In this article, we shall discuss how to filter Dataframe using values from a List using isin() in both Spark and Pyspark with some examples.

1. Using filter() to Select DataFrame Rows from List of Values

The filter() function is a transformation operation and does not modify the original DataFrame. It takes an expression that evaluates to a Boolean value as input and returns a new DataFrame that contains only the rows for which the expression evaluates to true.

You can also use other comparison operators like <, <=, >, >=, === (equal), and !== (not equal) in the filter expression. You can also use logical operators like && (and), || (or), and ! (not) to combine multiple conditions in the filter expression.
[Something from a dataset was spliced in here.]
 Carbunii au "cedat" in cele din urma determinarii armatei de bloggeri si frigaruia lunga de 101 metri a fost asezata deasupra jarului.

Additionally, you can use functions like isNotNull, isNull, and startsWith to filter rows based on specific conditions.

To filter rows from a list of values, we would use the isin() function.
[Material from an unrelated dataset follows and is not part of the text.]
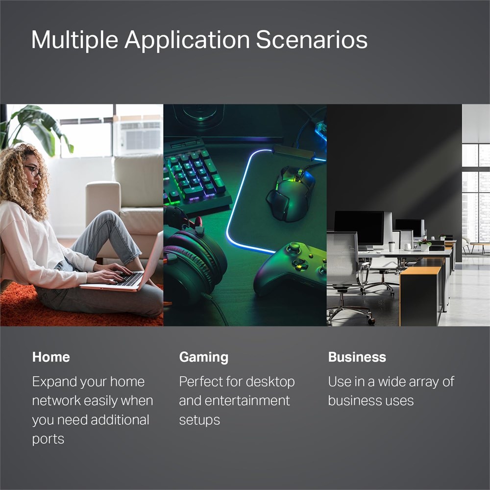 - - Equipped with 5 10/100/1000 Mbps RJ45 ports supporting Auto-Negotiation and Auto-MDI/MDIX, making network expansion simple. - - Latest innovative energy-efficient technology greatly expands your network capacity with much less power consumption, helping you save on energy costs. - IEEE 802.3X flow control provides reliable data transfer, and a fanless design ensures silent operation in any environment. - Enjoy an easy setup with no software installation or configuration needed simply plug in your devices and you are ready to go. - Prioritize your traffic and high-quality video or voice data transmission with Port-based 802.1p/DSCP QoS and IGMP Snooping. - Durable metal casing with a desktop or wall-mounting design. Operating Temperature: 0 C 40 C (32 F 104 F).

2. Spark Filter Dataframe using a list

Here are some more examples of how to filter a row in a Spark DataFrame based on matching values from a list using Spark Scala:

2.1 Filtering rows based on matching values from a list

You can filter a row in a DataFrame based on matching values from a list using the isin() function of DataFrame API. Here is a Scala example code snippet:


// Imports
import spark.implicits._

// Sample data
val data = Seq(
  (1, "apple"),
  (2, "banana"),
  (3, "orange"),
  (4, "mango")
).toDF("id", "fruit")

// List of values to filter
val filterList = List("banana", "mango")

// Filter rows based on values in the list
val filteredData = data.filter($"fruit".isin(filterList:_*))

// Display the filtered data
filteredData.show()

// Output:
// +---+------+
// | id| fruit|
// +---+------+
// |  2|banana|
// |  4| mango|
// +---+------+

In this code, we create a DataFrame data with two columns id and fruit. We then define a list of values filterList that we want to use for filtering. We use the isin function on the fruit column of the DataFrame to filter rows that match any of the values in the list. The resulting filtered DataFrame is stored in filteredData and then displayed using the show method.
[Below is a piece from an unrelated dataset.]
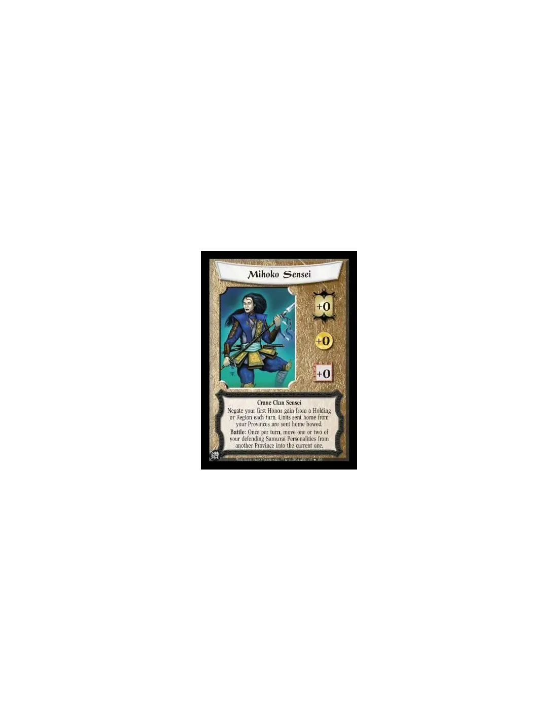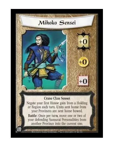 Crane Clan Sensei Negate your first Honor gain from a Holding or Region each turn. Units sent home from your Provinces are sent home bowed. Battle: Once per turn, move one or two of your defending Samurai Personalities from another Province into the curre

Note that we use the :_* syntax when passing the filterList as a parameter to the isin function. This syntax is used to unpack the list into individual parameters so that it can be passed as a Vararg to the function.

2.2 Filter rows based on multiple columns


// Create DataFrame
val data = Seq(
  (1, "apple", "red"),
  (2, "banana", "yellow"),
  (3, "orange", "orange"),
  (4, "mango", "orange")
).toDF("id", "fruit", "color")

// List of values to filter
val filterList = List(("apple", "red"), ("orange", "orange"))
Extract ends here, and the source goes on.